Очевидно, в наиболее полноводный период водоем составлял двести пятьдесят метров в длину и тридцать четыре в ширину, – записывает он в дневнике. – На южной стороне дюн, на загипсованной почве, нашли неглубокий колодец, наполовину засыпанный песком, который может оказаться одним из питающих озеро источников. Вода соленая: сульфат магния, смешанный с кальцием и обычной солью. В центре впадины, рядом с углублением, усеянным соляными кристаллами, нашли еще один маленький источник с менее соленой водой, но никаких признаков пресной воды нет.
Когда моторы набирают обороты и машины трогаются, гребни дюн начинают сиять всеми красками восходящего солнца – пока еще тусклого красного диска. Несколько часов едут по плоской serir [47] с потрескавшейся землей и небольшими рытвинами, едут очень медленно, чтобы не повредить шины. К полудню жара становится такой, что до металлических частей машин невозможно дотронуться. По мере продвижения почва становится более мягкой, и за ними тянется шлейф из сверкающих, словно крупицы золота, пылинок.
К вечеру добираются до селения Такхит: маленькие куполообразные хижины, шалаши из пальмовых листьев, лучи солнца, пронзающие облака, которые, спускаясь на землю, превращаются в козьи стада. Несколько ребятишек выкладывают из верблюжьего навоза какие-то квадратики, напоминающие таблицу. Исмаил и Умбарак идут впереди группы под любопытными взглядами жителей. Немного спустя все члены экспедиции уже сидят в кружок, босые, вместе с местными мужчинами под навесом одной из палаток.

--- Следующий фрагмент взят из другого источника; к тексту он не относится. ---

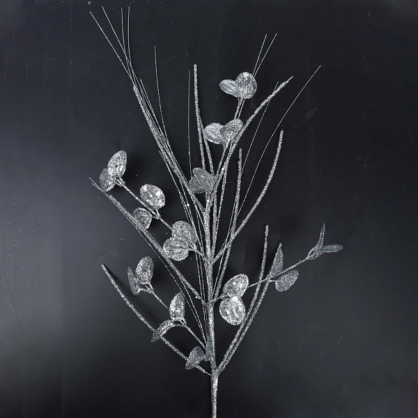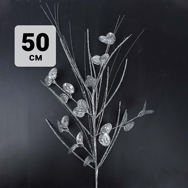 Ветка декоративная Эвкалипт блестящий серебристый 50см

Главный среди них, старик с седой бородой, с величайшей осторожностью набивает гашишем маленькую трубку без мундштука, вырезанную из какого-то мягкого камня, разжигает ее при помощи кремня, делает три глубокие затяжки и передает сидящему слева Гарсесу.
– Какие новости вы привезли? – спрашивает старик.
– Хорошие, – отвечает Исмаил.
Любой разговор с любым приезжим всегда начинается именно так – зачин неизменен, как литания.
– Земля дряхлеет и исчезает, как дым. Корма нет, да и чтобы напоить верблюдов, приходится ходить очень далеко.
Исмаил торжественно переводит на испанский слова старейшины, а потом по-арабски говорит, что по пути из Ийиля они не видели ни следов меди или бронзы, ни соли на дюнах, ни вспышек на небе. Это означает, что пастбища нужно искать в другом направлении.
Выслушав его, старик рассказывает о приключившемся четыре месяца назад нападении бандитов на торговый караван.
– Вам повезло, что вы остались живы, – говорит он. – Если бы люди Аль-Мукаллы повстречались с вами в песках, не задумываясь убили бы.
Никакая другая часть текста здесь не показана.